He illuminated the display on his watch. 3:28.

With the door open, the freezing air struck him and he slid out of the car. The shapes of the trees all around were nothing but differing shades of black and the frozen earth beneath his boots was one huge shadow. He rested a hand on the side of the car and walked its length to the rear, trailing his fingers on the metal. A sound rose from somewhere to his left: a soft rustle of long grass and bush. He faced the dark and tried to ignore the wave of terror covering his body.

In the woods. In the middle of the night. Far from all the others. All the others who could keep him safe. Stuck here with. . .something he still could not bring himself to name wrapped in bags. Something still not dead.

Trembling spread throughout his body, threatening to spill him to the ground. Inwardly groaning, he fought it. Bitter air touched his tongue, teeth and lips. Winter cold fell down his throat. He waited, counting in his head, and stopped when he reached two hundred. The sound from the woods had not come again and he was able to believe the sound had been down to an animal. Maybe a badger or a hedgehog. Maybe even a fox on the prowl. Licking the remnants of vodka from his gums, he opened the boot and made out the shovel resting on the shape in the binbags.
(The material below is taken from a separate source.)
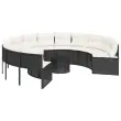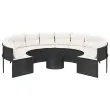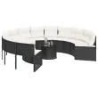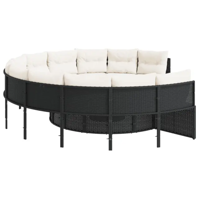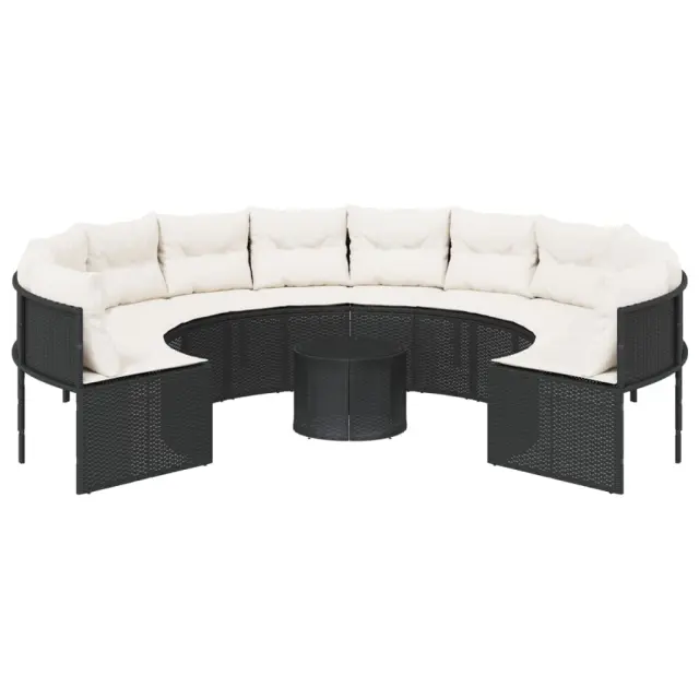 Ta vrtni kavč okrogle oblike je odličen dodatek za vaš vrt, teraso ali verando, saj zagotavlja udoben in privlačen prostor za klepet z družino in prijatelji ali preprosto za sprostitev in uživanje na prostem. Vzdržljiv material: PE ratan, znan tudi kot poli ratan, je močan sintetični material, ki zahteva malo vzdrževanja in je videti kot naravni ratan. Je lahek, enostaven za čiščenje in se zaradi svoje vzdržljivosti in odpornosti na vremenske vplive pogosto uporablja za zunanje pohištvo.Udobno sedenje: To zunanje pohištvo z debelo oblazinjenimi blazinami zagotavlja udobno sedenje.Prevleko je mogoče odstraniti in oprati: Te sedežne blazine imajo odstranljive prevleke za lažje pranje in vzdrževanje.Steklena mizna plošča: Površina zunanje mize je izdelana iz močnega in trpežnega kaljenega stekla, kar omogoča enostavno čiščenje z vlažno krpo in vašemu zunanjemu prostoru doda pridih elegance.Robusten in stabilen okvir: Prašno barvan jekleni okvir zagotavlja, da je vrtno pohištvo močno in stabilno za vsakodnevno uporabo na prostem. Dobro je vedeti:Če želite, da vaše zunanje pohištvo ostane lepo, vam priporočamo, da ga zaščitite z vodoodporno prevleko.Maksimalna nosilnost (na sedež): 110 kgUV-odpornoPotrebno sestavljanje: DaOkrogel vrtni kavč:Barva: ČrnaMaterial: PE ratan, jeklen okvir s prašnim premazomCelotne dimenzije: 287 x 75 cm (premer x V)Notranji premer: 160 cmSkupna globina: 240 cmGlobina sedeža: 62 cmVišina sedeža, merjena od tal (brez blazine): 40 cmKlubska mizica:Barva: ČrnaMaterial: PE ratan, jeklo s prašnim premazom, kaljeno stekloDimenzije: 51 x 36 cm (premer x V)Blazina:Barva: Kremno belaMaterial prevleke: Tkanina (100 % poliester)Polnilo sedežne blazine: PenaPolnilo hrbtne blazine: bombažna vlaknaDimenzije sedežne blazine za kavč: 64/106 x 65 x 3 cm (D x Š x D)Dimenzije hrbtne blazine: 55 x 40 x 13 cm (D x Š x D)Paket vsebuje:1 x Okrogel vrtni kavč1 x Klubska mizica12 x Blazina za hrbet6 x Sedežna blazina s snemljivo pralno prevleko 3318544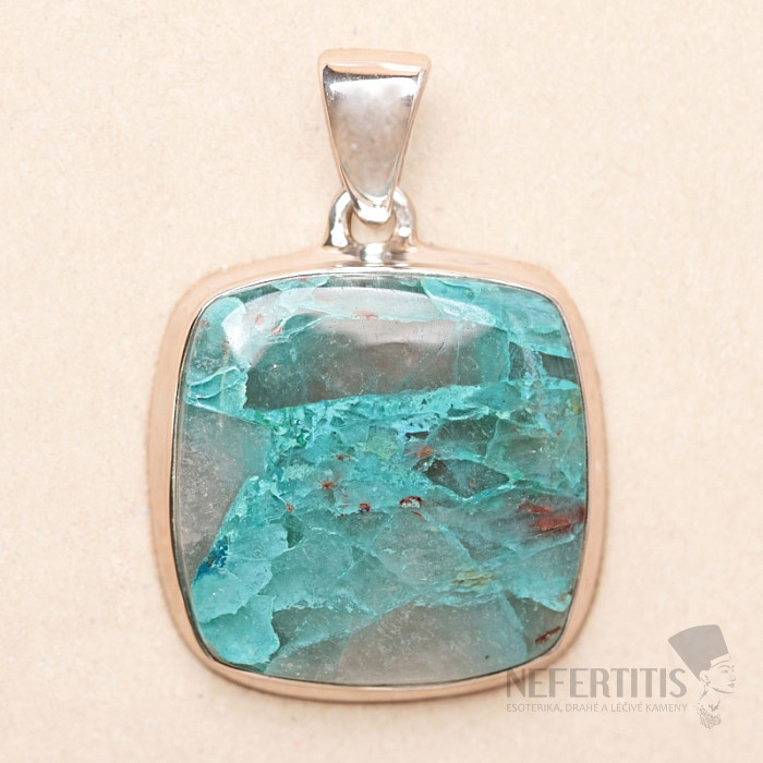 Půvabný stříbrný přívěsek se vzácným a sběratelsky ceněným přírodním Quantum quattro. Ag 925. Quantum quattro je kombinací čtyř minerálů - shattuckitu, dioptasu, malachitu a chryzokolu. Každý šperk je originální, neopakovatelný a díky barevné kombinaci a uspořádání minerálů podněcuje fantazii, připomíná pohled na Zemi z ptačí perspektivy. Budete mít krásný šperk, který nikdo nepřehlédne, vhodný pro různé příležitosti. Kupujete přímo vyobrazený šperk.

There had been no movement in the boot and that was all the comfort he could take.

He placed the shovel gently at his feet before gripping the shape in the binbags. Even through his gloves, the bags were ice cold. He held the shape at both ends, offered a quick prayer and pulled.

It came out of the boot easily; he staggered back, surprised, and the shape rested on his chest for a moment. He hissed, his upper lip rising to expose his teeth. The exposed flesh around his neck caught the bitter air and his arms throbbed. Knowing he had no choice, he gripped the shape tightly and bent to take hold of the shovel. In the darkness, a memory spoke up.

‘You’re too young to do this. We need someone older. You’ll fuck it up.’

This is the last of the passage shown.